For the 17 METex14 NSCLC patients, one was not evaluable because the patient had not had the first tumor assessment at the time of the data cut-off. The median age is 69 (41-81) and 70.6% were male, with 1 (0-3) as the median prior lines of treatment. 41.2% of 17 patients were non-smokers and 58.8% were smokers. ABN401 continued to demonstrate outstanding safety compared to the currently marketed drugs.

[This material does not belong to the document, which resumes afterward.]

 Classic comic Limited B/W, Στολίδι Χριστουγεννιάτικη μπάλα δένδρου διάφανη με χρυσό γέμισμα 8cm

The results were presented in a poster session at the AACR (Free AACR Whitepaper)-NCI-EORTC AACR-NCI-EORTC (Free AACR-NCI-EORTC Whitepaper) International Conference on Molecular Targets and Cancer Therapeutics (EORTC-NCI-AACR) (Free ASGCT Whitepaper) (Free EORTC-NCI-AACR Whitepaper) in Boston, and at a separate company event nearby.

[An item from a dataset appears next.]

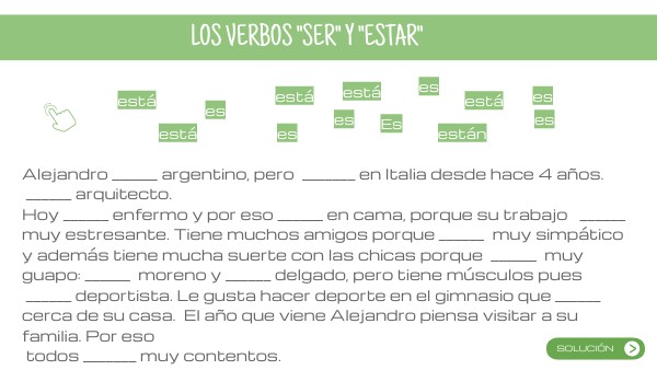 Alejandro ______ argentino, pero _______ en Italia desde hace 4 años. ______ arquitecto. Hoy ______ enfermo y por eso ______ en cama, porque su trabajo ______ muy estresante. Tiene muchos amigos porque ______ muy simpático y además tiene mucha suerte con las chicas porque ______ muy guapo: ______ moreno y ______ delgado, pero tiene músculos pues ______ deportista. Le gusta hacer deporte en el gimnasio que ______ cerca de su casa. El año que viene Alejandro piensa visitar a su familia. Por eso todos _______ muy contentos.

"We are delighted to see the outstanding data from the global Phase 2 clinical trial to evaluate this potential best-in-class treatment, which continues to exhibit an outstanding safety profile," said Young Kee Shin, M.D., Ph.D., CEO of ABION. "Notably, these results follow and further expand the potential of ABN401 combination therapy with other treatment regiments. "The excellent safety enables the potential combination of ABN401 with EGFR treatment, chemotherapy, or KRAS or immuno-oncology treatments. Our goal is to increase options for patients with c-MET positive NSCLC."
Based on these results, ABION plans to initiate a Phase 2 combination trial with a multiple drug regimen. The c-MET mutation is the most common mutation shown by NSCLC patients after treatment with EGFR TKIs.